I am out shopping with the family… well, actually, I am waiting in line so Wife can get some crunchy things that are, by no means, worth the wait.

Take a look at the line in yonder pic, and the little things those people are waiting for.  The green ones look a little like turds.

My spawn are going nuts, running around, dancing singing and generally attracting as much attention as possible to themselves.
A middle aged woman just came up to me to tell me how cute my spawn are, which is to be expected, but then she went on to ask me, “Are they twins?”
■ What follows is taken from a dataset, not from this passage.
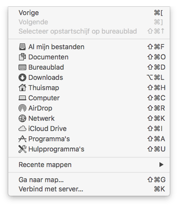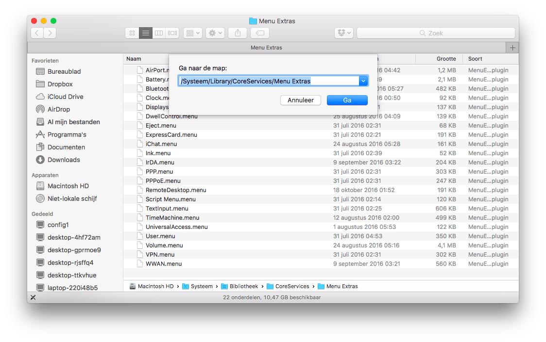 Er zijn echter andere instellingen die je aan de menubalk kunt koppelen die niet in de Systeemvoorkeuren worden weergegeven. Je kunt deze raadplegen door in de Finder in de menubalk op Ga te klikken en Ga naar map… te kiezen. Vul het pad dat hieronder vermeld staat in, en klik daarna op Ga.

Now, granted, both of my girls are unbelievably cute, Einstein-brilliant and undeniably perfect in every way, but that’s where the similarities between them end.

Big Spawn is 4 1/2, Small Spawn is about to turn 2.  Big Spawn has long hair, Small Spawn’s is short.  As you can see from the police line-up pick I just snapped, they are not remotely the same height.  They don’t even look the same, except maybe in the ear area.

Now, normally I wouldn’t think anything of some lady asking if my two very different looking and aged kids are twins, normally I’d just think “No,  you weirdo.”, but since moving to Ningbo, its happened a minimum of 15 times to Wife and I.  15 times each.

Both of us are utterly baffled.  I mean, really?  Twins?  In what universe would anyone possibly mistake these two for twins? One of them is still in diapers, for Christ’s sake.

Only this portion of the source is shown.